There's a 2024 Cochrane review on zinc lozenges for colds that's come out since LessWrong posts on the topic from 2019 [LW · GW], 2020 [LW · GW], and 2021 [LW · GW]. 34 studies, 17 of which are lozenges, 9/17 are gluconate and I assume most of the rest are acetate but they don't say. Not on sci-hub or Anna's Archive, so I'm just going off the abstract and summary here; would love a PDF if anyone has one.

Dosing ranged between 45 and 276 mg/day, which lines up with 3-15 18mg lozenges per day: basically in the same ballpark as the recommendation on Life Extension's acetate lozenges (the rationalist favorite).
Evidence for prevention is weak (partly bc fewer studies): they looked at risk of developing cold, rate of colds during followup, duration conditional on getting a cold, and global symptom severity. All but the last had CIs just barely overlapping "no effect" but leaning in the efficacious direction; even the optimistic ends of the CIs don't seem great, though.
Evidence for treatment is OK: "there may be a reduction in the mean duration of the cold in days (MD ‐2.37, 95% CI ‐4.21 to ‐0.53; I² = 97%; 8 studies, 972 participants; low‐certainty evidence)". P(cold at end of followup) and global symptom severity look like basically noise and have few studies.

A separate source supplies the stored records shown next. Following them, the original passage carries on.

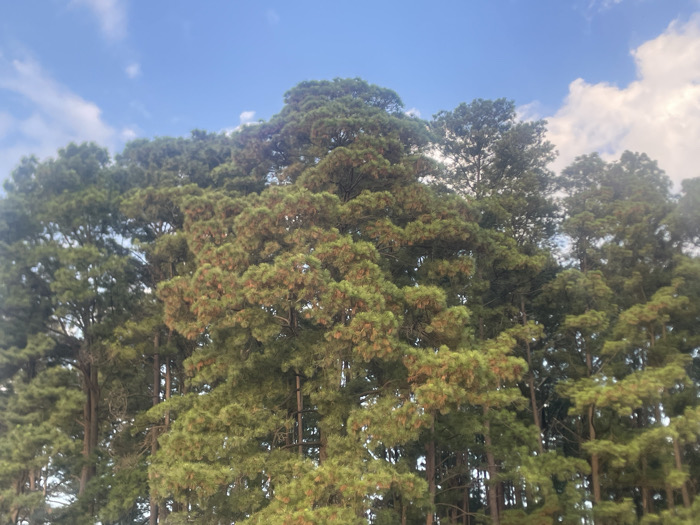 - "The image displays a dense canopy of conifer trees, consistent with pine species, under a partially cloudy blue sky, located in Jos, Nigeria" by FM-G052v2, licensed under CC BY 4.0
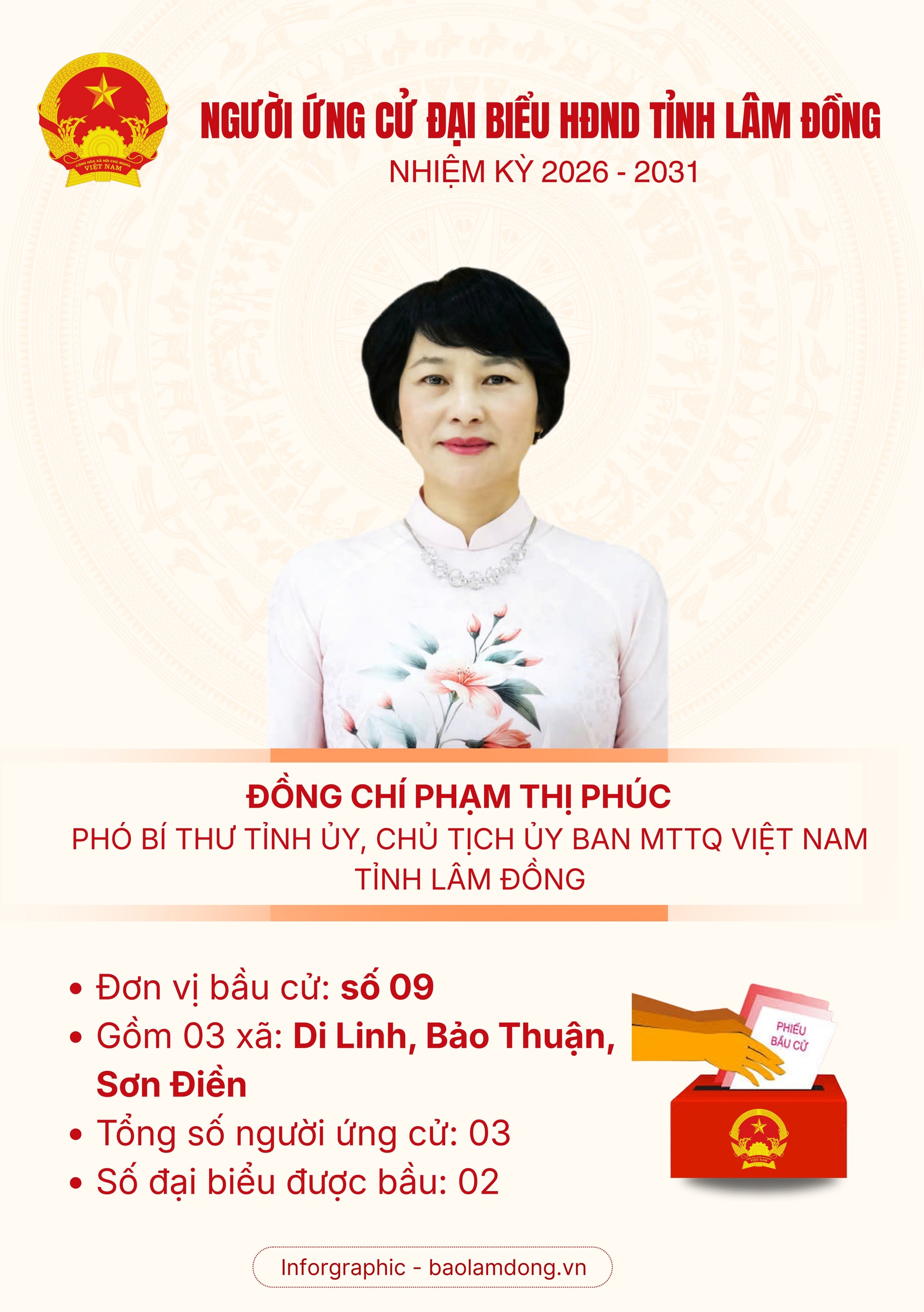 Xem chi tiết Danh sách những người ứng cử đại biểu HĐND tỉnh Lâm Đồng nhiệm kỳ 2026 - 2031 ở Đơn vị bầu cử số 09 tại đây.
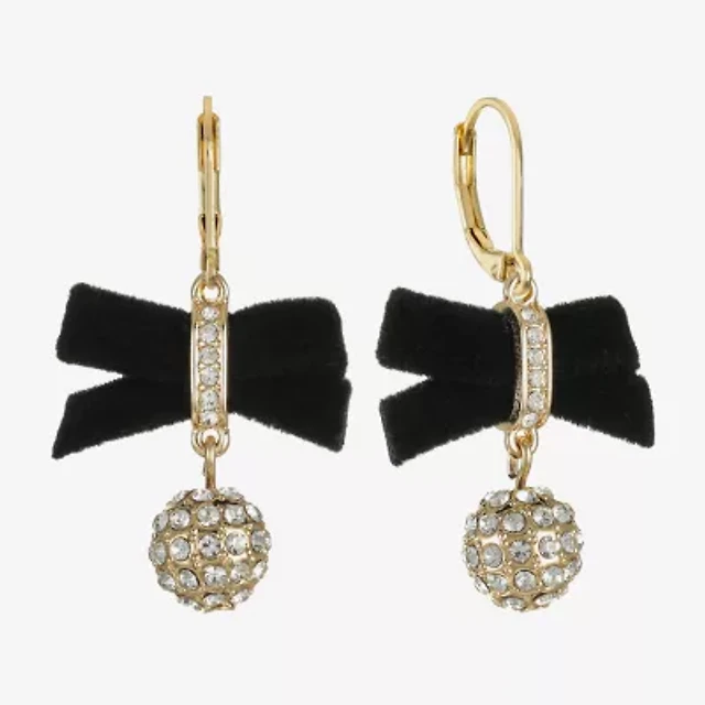 Monet Jewelry Gold Tone Velvet Womens Glass Bow Drop Earrings
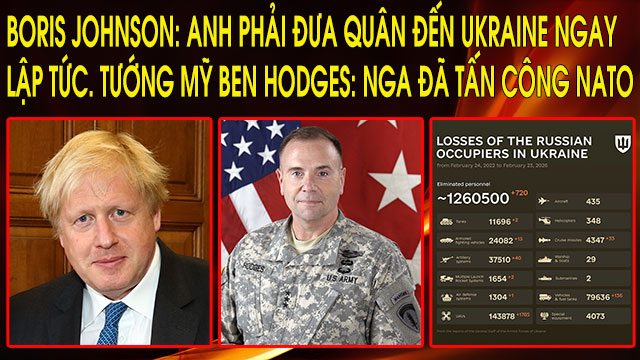 - Boris Johnson: Anh phải đưa quân đến Ukraine ngay lập tức. Tướng Mỹ Ben Hodges: Nga đã tấn công NATOVietCatholic Media
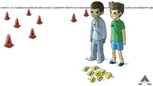 De røde og blå kegler fordeler I på et tilpas stort område. De gule ærteposer med bogstaver ligger samlet et andet sted.
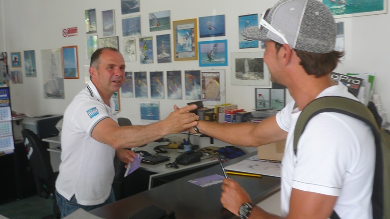 Soo my trip it was,,,I went from Pisa to Prato where the factory is,from Prato to bologna to go to the Adriatic sea by tren,,in the Adriatic sea my first stop was in Pesaro,then i when to Ancona (Senigallia)where Challeger sails made their sail,PIC2) because Claudio Badiali is the Italian Mistral Importer and i when there to pick up some promo postcards that Mistral International send to me.After this i started to visit some windsurfing shops and do some autografes all the way up from Ancona, Riccionni ,Rimini,Bergamo and Milan.
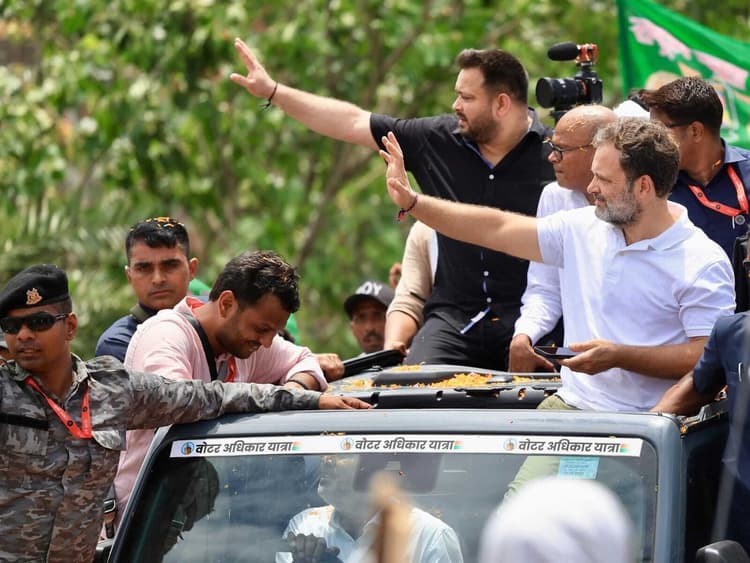 रफीगंज. वोटर अधिकार यात्रा के दूसरे दिन लोकसभा के नेता प्रतिपक्ष व कांग्रेस नेता राहुल गांधी और विधानसभा नेता प्रतिपक्ष तेजस्वी प्रसाद यादव द्वारा रफीगंज शहर में रोड शो किया गया. इसमें वीआईपी के राष्ट्रीय अध्यक्ष मुकेश सहनी व कांग्रेस के प्रदेश अध्यक्ष सह कुटुंबा विधायक राजेश कुमार सहित अन्य वरीय नेता शामिल हुए. प्रखंड क्षेत्र के रेगनियां मोड़, टकरा मोड़, डाकबंगला मोड़, शिवगंज बस स्टैंड, कलाली मोड़, नसरुल मियां मोड़, महाराजगंज मोड़, निचलीडिह चरकावां, गोरडिहा मोड़ सूर्य मंदिर के समीप महागठबंधन के कार्यकर्ताओं द्वारा स्वागत किया गया. स्वागत में रेगनियां ही नहीं शिवगंज से लेकर औरंगाबाद-गयाजी जिले के सीमा क्षेत्र अमवां-सिमवां गांव तक सड़क पर बैनर पोस्टर से जगह-जगह तोरण द्वार बनाये गये थे. वोटर अधिकार यात्रा के क्रम में रोड शो करते हुए राहुल गांधी ने लोगों को वोट चोरी के खिलाफ जागरूक किया. कहा कि भाजपा के इशारे पर चुनाव आयोग द्वारा वोट चोरी किया जा रहा है. मतदाताओं को मतदान से वंचित करने की साजिश रची जा रही है. इधर, रोड शो को लेकर दंडाधिकारी व पुलिस बलों की तैनाती हर चौक-चौराहों पर की गयी थी. कांग्रेस प्रखंड अध्यक्ष सुजीत कुमार सिंह ने बताया कि एक साजिश के तहत मतदाताओं का वोटर लिस्ट से नाम काटा जा रहा है. जो संविधान के विरुद्ध है. पूर्णिया सांसद पप्पू यादव, औरंगाबाद सांसद अभय कुशवाहा, विधायक मो नेहालुद्दीन, सदर एसडीपीओ दो चंदन कुमार, सर्किल इंस्पेक्टर रामजी प्रसाद, थानाध्यक्ष शंभू कुमार, अपर थानाध्यक्ष कन्हैया कुमार, एसआई कुशो कुमार, सोनाली, ध्रुव कुमार, मिथिलेश कुमार, विनोद कुमार, उमेश कुमार, कांग्रेस नेता हस्सान सिद्धिकी, बौर पैक्स अध्यक्ष रामस्वरूप सिंह, चेयरमैन प्रतिनिधि डॉ गुलाम शाहिद, राजद जिला महासचिव रणविजय यादव, राजद प्रदेश सचिव कमलेश यादव, राजद प्रखंड अध्यक्ष विक्की सिंह यादव, पूर्व मुखिया एस शहजादा शाही, वार्ड पार्षद प्रतिनिधि माहिद खान, नगर पार्षद टप्पू यादव, महफूज आलम आदि शामिल थे.
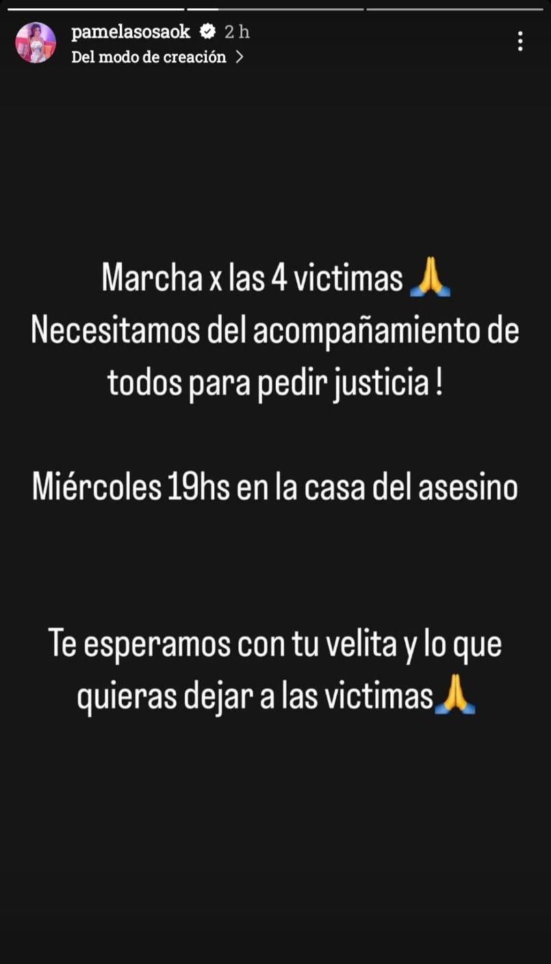 “El slogan es ‘necesitamos el acompañamiento de todos para pedir Justicia’. Va a ser el próximo miércoles a las 19 horas en la casa de Aníbal Lotocki. Te esperamos con una velita para pedir por las víctimas”, agregó.
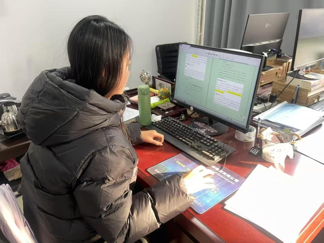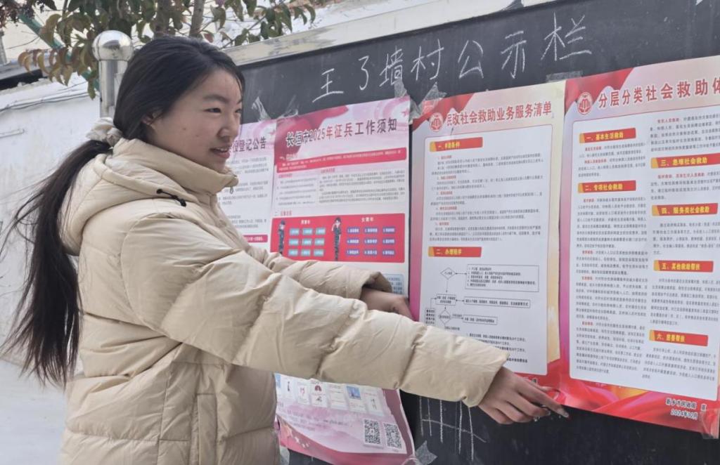 寒假返回家乡后,王子玉参加了河南省长垣市魏庄镇王了墙村的政务实践活动。她积极助力当地教育基金会工作,帮助文化程度有限的村民完成子女教育基金申请表格的填写、检查,确保每份承载地家庭希望的申请表能顺利提交。同时,她严谨认真地管理村公示栏,确保村务信息准确无误、清晰可读。春节期间,她还积极参与“青年普法志愿者 法治文化基层行”活动,发放法治宣传资料,解答群众法律问题,讲述防范电信网络诈骗的重要性,引导大家树立法治观念。
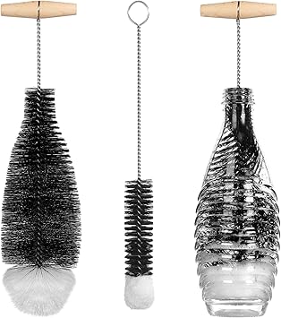 Flaschen reinigen war noch nie so einfach! Dieses 5-teilige Bürsten-Set macht jede Flaschen blitzsauber. Perfekt für Sodastream-Flaschen, aber auch für alle anderen Glasflaschen, Karaffen oder Trinkflaschen. Mit 33cm Länge erreicht die Bürste auch den Boden von hohen Flaschen! Die verschiedenen Größen passen für alle Flaschenarten - ob mit schmalem Hals oder breiter Öffnung. Aus hochwertigen Nylonborsten die kratzfrei reinigen und einem Holzgriff für perfekten Halt. Der Edelstahldraht rostet nicht und bleibt in Form. Einfach in warmem Wasser einweichen wenn sie abgeflacht ankommt - dann nimmt sie wieder ihre ursprüngliche Form an!

My not very informed takes:

On the model of the podcast in the 2019 post, I should expect several of these studies to be using treatments I think are less or not at all efficacious, be less surprised by study-to-study variation, and increase my estimate of the effect size of using zinc acetate lozenges compared to anything else. Also maybe I worry that some of these studies didn't start zinc early enough? Ideally I could get the full PDF and they'll just have a table of (study, intervention type, effect size).
Even with the caveats around some methods of absorption being worse than others, this seems rough for a theory in which zinc acetate taken early completely obliterates colds - the prevention numbers just don't look very good. (But maybe the prevention studies all used bad zinc?)
I don't know what baseline cold duration is, but assuming it's something like a week, this lines up pretty well with the 33% decrease (40% for acetate) seen in this meta-analysis from 2013 if we assume effect sizes are dragged down by worse forms of zinc in the 2024 review.
- But note these two reviews are probably looking at many of the same studies, so that's more of an indication that nothing damning has come out since 2013 rather than an independent datapoint.
My current best guess for the efficacy of zinc acetate lozenges at 18mg every two waking hours from onset of any symptoms, as measured by "expected decrease in integral of cold symptom disutility", is:
- 15% demolishes colds, like 0.2x disutility
- 25% helps a lot, like 0.5x disutility
- 35% helps some (or helps lots but only for a small subset of people or cases), like 0.75x disutility
- 25% negligible difference from placebo

I woke up at 2am this morning with my throat feeling bad, started taking Life Extension peppermint flavored 18mg zinc acetate lozenges at noon, expecting to take 5ish lozenges per day for 3 days or while symptoms are worsening. My most recent cold before this was about 6 days: [mild throat tingle, bad, worse, bad, fair bit better, nearly symptomless, symptomless]. I'll follow up about how it goes!